When used alongside the [DRomics](https://lbbe-software.github.io/DRomics/) (Dose-Response for Omics) R package, Cluefish provides a more comprehensive analysis of dose-response transcriptomic data. In toxicology/ecotoxicology, this will support the understanding/highlighting of contaminant’s mode of action.
This workflow addresses the limitations of the standard Over-Representation Analysis (ORA) by applying ORA to pre-clustered networks. These clusters serve as anchors for ORA, enhancing enrichment detection sensitivity and thus enabling the identification of smaller, more specific biological processes while simultaneously forming exploratory gene groups.

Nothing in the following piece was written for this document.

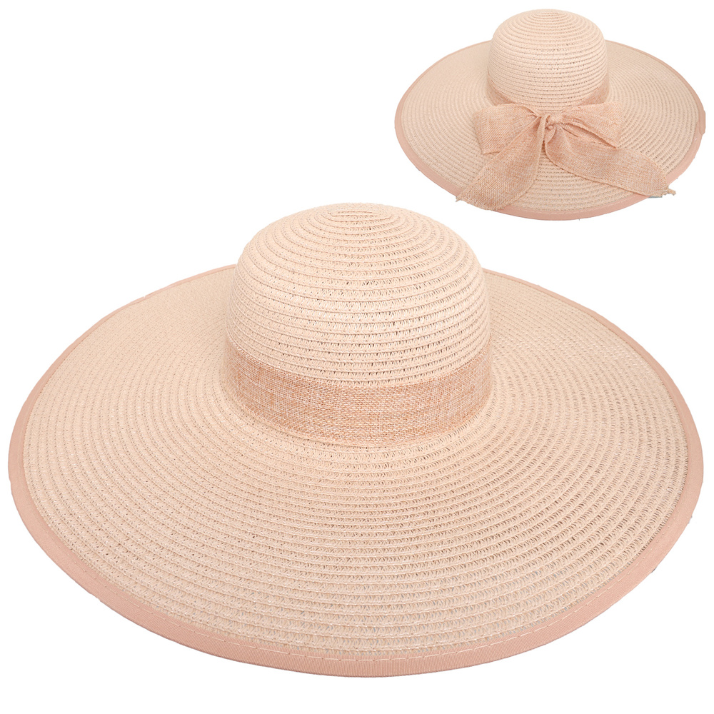 STRAW WOVEN SUN HAT WITH DECORATIVE BOWKNOT BAND

Cluefish is designed to be adaptable to a wide range of organisms, both model and non-model, ensuring broad applicability across various biological contexts.
------------------------------------------------------------------------
If you're ready to dive straight into using Cluefish, check out the Introduction to Cluefish vignette
------------------------------------------------------------------------
Graphical abstract of the Cluefish workflow.
## Installation
The Cluefish tool is developed in **R**, so having **R** installed is a prerequisite. You can download it [here](https://posit.co/download/rstudio-desktop/).
For an enhanced experience, we recommend using the **RStudio** integrated development environment (IDE), which is available for download at the same link, [here](https://posit.co/download/rstudio-desktop/).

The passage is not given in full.